■ MATERIALS PROVIDED ■
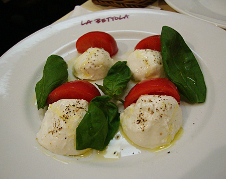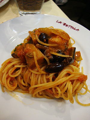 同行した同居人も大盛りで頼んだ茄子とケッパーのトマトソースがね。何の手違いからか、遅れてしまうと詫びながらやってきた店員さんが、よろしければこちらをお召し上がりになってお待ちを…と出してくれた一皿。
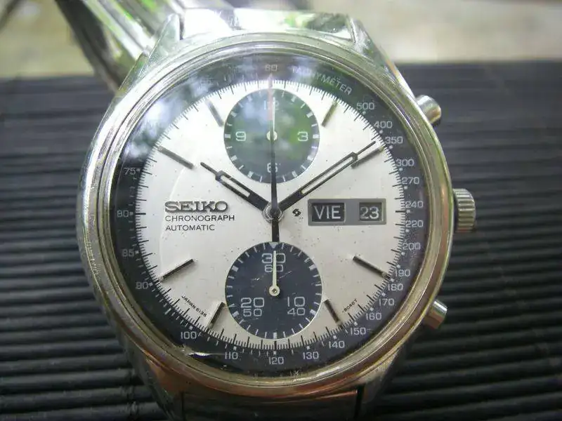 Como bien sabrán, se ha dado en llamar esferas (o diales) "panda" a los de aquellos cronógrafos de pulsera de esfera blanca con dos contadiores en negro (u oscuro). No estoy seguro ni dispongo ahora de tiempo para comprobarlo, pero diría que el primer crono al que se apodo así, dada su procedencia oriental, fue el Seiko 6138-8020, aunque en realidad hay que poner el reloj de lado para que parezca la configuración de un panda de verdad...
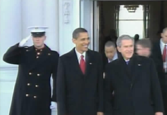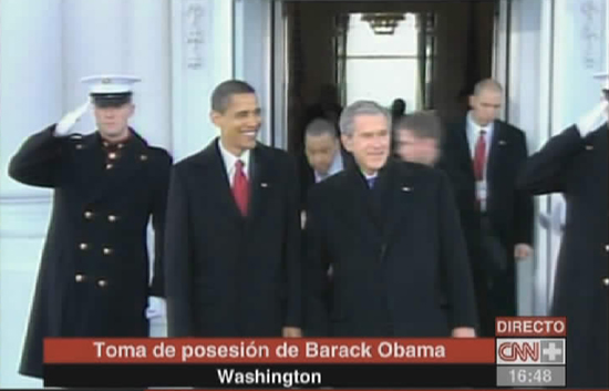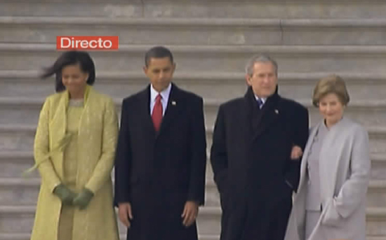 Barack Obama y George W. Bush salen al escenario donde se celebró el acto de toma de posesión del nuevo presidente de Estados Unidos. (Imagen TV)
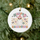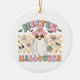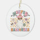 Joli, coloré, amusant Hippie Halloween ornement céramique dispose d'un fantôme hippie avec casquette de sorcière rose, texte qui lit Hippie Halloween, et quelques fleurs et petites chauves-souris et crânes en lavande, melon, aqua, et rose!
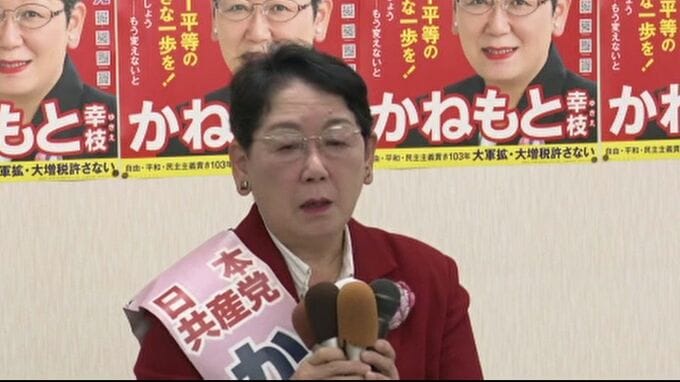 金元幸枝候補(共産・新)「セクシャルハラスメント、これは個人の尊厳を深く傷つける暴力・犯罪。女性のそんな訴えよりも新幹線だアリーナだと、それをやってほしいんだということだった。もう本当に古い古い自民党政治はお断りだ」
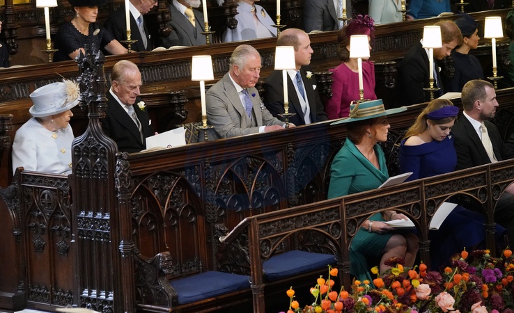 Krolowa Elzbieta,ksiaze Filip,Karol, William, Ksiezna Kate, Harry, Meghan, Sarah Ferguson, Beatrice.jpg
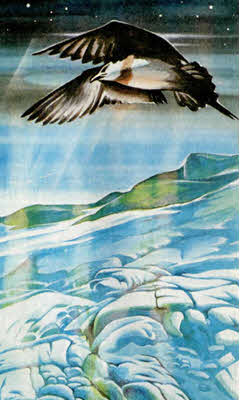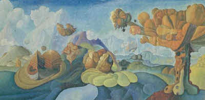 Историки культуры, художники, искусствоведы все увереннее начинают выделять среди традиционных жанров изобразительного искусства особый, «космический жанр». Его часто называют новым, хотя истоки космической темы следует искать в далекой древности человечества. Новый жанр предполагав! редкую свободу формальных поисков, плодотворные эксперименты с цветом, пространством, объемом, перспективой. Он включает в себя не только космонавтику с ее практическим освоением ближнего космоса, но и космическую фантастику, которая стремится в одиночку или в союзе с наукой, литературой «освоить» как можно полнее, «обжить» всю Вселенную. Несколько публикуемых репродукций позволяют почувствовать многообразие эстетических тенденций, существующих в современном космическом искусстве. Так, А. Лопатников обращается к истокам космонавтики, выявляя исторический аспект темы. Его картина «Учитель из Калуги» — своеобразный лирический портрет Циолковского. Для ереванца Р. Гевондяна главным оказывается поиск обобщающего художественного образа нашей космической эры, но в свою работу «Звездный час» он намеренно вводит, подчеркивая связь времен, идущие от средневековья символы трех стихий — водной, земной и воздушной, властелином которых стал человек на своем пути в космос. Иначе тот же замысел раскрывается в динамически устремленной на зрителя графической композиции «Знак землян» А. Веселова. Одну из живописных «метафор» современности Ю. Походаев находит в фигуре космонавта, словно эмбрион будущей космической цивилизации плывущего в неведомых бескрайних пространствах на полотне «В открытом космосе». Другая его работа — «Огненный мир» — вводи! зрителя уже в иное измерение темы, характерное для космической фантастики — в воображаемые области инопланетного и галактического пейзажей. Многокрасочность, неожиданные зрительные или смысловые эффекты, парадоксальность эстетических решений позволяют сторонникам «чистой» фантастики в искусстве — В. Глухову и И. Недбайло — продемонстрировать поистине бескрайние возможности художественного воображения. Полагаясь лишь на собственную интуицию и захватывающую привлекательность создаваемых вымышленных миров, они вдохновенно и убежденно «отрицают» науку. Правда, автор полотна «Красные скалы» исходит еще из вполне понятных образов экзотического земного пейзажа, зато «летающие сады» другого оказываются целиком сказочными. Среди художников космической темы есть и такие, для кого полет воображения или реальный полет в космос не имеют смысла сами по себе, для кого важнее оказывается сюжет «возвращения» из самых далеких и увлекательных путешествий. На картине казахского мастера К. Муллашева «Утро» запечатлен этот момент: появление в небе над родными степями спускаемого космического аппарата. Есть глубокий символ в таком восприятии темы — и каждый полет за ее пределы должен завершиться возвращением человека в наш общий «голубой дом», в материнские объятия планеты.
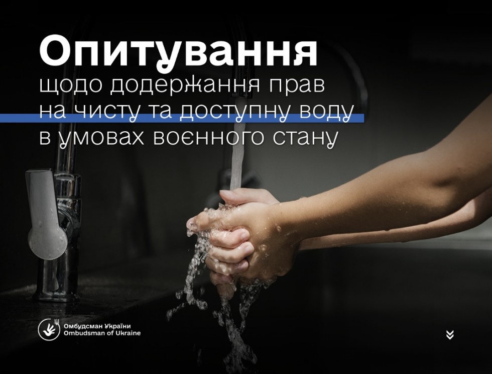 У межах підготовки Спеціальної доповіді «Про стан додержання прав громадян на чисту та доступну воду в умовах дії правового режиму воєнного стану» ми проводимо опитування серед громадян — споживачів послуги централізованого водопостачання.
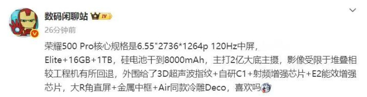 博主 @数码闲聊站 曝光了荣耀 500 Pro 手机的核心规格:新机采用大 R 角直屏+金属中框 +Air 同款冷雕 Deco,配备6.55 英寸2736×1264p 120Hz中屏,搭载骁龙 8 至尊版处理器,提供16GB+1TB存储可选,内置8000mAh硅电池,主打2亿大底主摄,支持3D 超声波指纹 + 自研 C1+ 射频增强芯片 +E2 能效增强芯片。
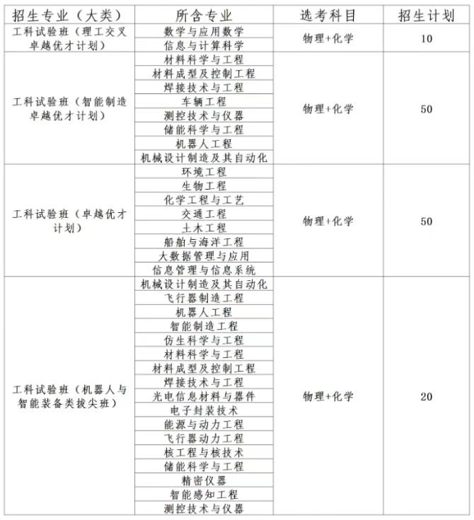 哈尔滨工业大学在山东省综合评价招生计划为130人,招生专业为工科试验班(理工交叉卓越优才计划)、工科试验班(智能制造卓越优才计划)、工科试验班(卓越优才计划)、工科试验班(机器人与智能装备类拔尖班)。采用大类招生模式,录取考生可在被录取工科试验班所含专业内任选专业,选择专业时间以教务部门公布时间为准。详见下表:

...

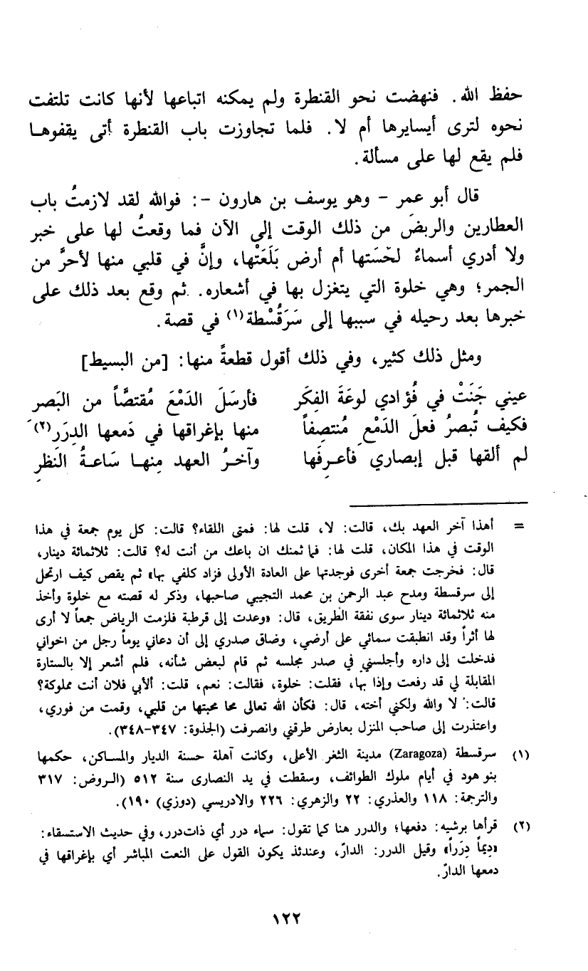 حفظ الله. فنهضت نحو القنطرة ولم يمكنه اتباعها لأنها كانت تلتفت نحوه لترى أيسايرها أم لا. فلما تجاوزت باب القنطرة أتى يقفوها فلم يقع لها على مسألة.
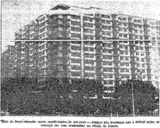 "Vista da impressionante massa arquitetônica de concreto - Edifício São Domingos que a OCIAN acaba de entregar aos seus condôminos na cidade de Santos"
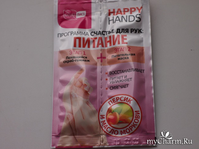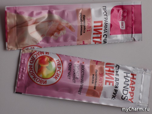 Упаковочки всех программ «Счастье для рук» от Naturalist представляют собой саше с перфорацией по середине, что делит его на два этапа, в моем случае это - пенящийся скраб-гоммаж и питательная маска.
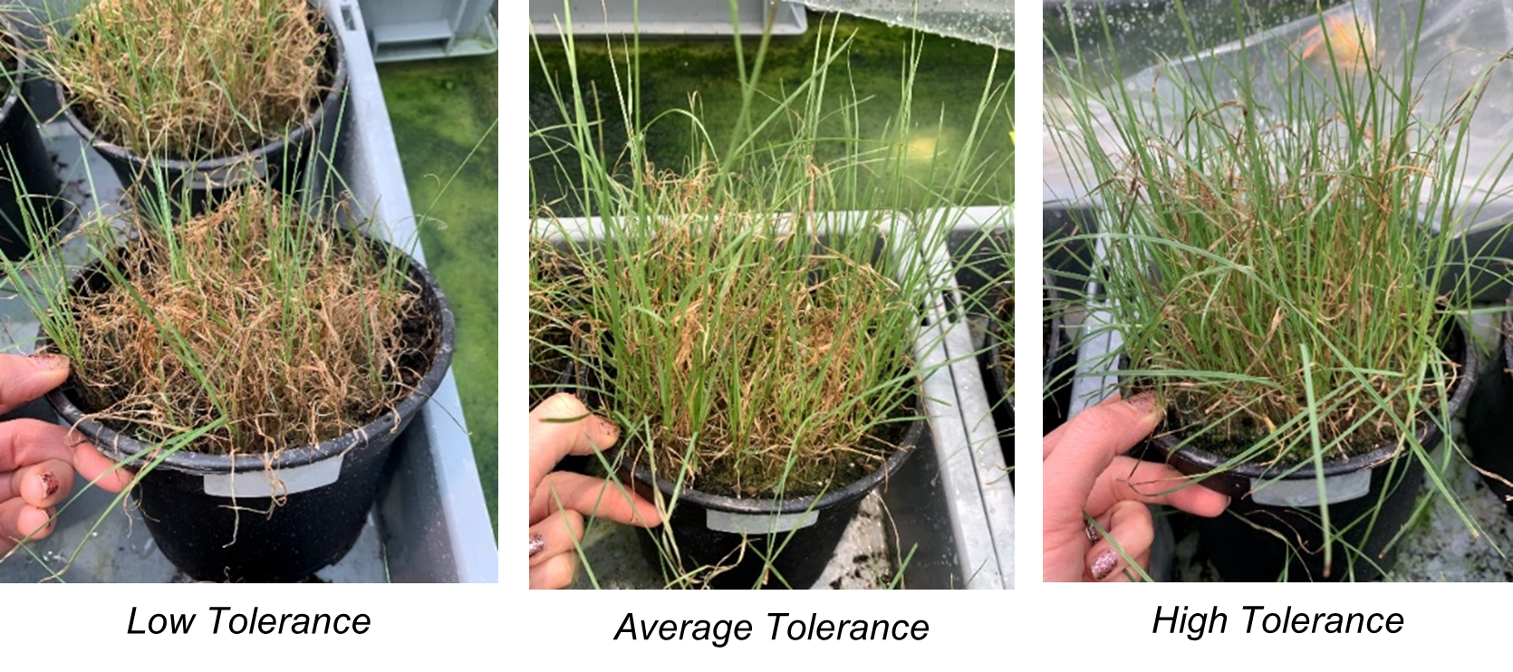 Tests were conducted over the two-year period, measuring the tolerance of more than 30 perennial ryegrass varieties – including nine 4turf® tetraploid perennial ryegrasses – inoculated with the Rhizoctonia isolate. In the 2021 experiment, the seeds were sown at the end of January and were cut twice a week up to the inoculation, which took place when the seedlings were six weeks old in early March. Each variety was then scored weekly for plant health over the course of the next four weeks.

■ EXERCISE DIRECTIONS ■
Your answer should consist of the lines above between those holding "Barack Obama y" and "Krolowa Elzbieta,ksiaze Filip,Karol, William, Ksiezna", inclusive, reproduced word for word and without pictures.

■ TASK ANSWER ■
 Barack Obama y George W. Bush salen al escenario donde se celebró el acto de toma de posesión del nuevo presidente de Estados Unidos. (Imagen TV)
 Joli, coloré, amusant Hippie Halloween ornement céramique dispose d'un fantôme hippie avec casquette de sorcière rose, texte qui lit Hippie Halloween, et quelques fleurs et petites chauves-souris et crânes en lavande, melon, aqua, et rose!
 金元幸枝候補(共産・新)「セクシャルハラスメント、これは個人の尊厳を深く傷つける暴力・犯罪。女性のそんな訴えよりも新幹線だアリーナだと、それをやってほしいんだということだった。もう本当に古い古い自民党政治はお断りだ」
 Krolowa Elzbieta,ksiaze Filip,Karol, William, Ksiezna Kate, Harry, Meghan, Sarah Ferguson, Beatrice.jpg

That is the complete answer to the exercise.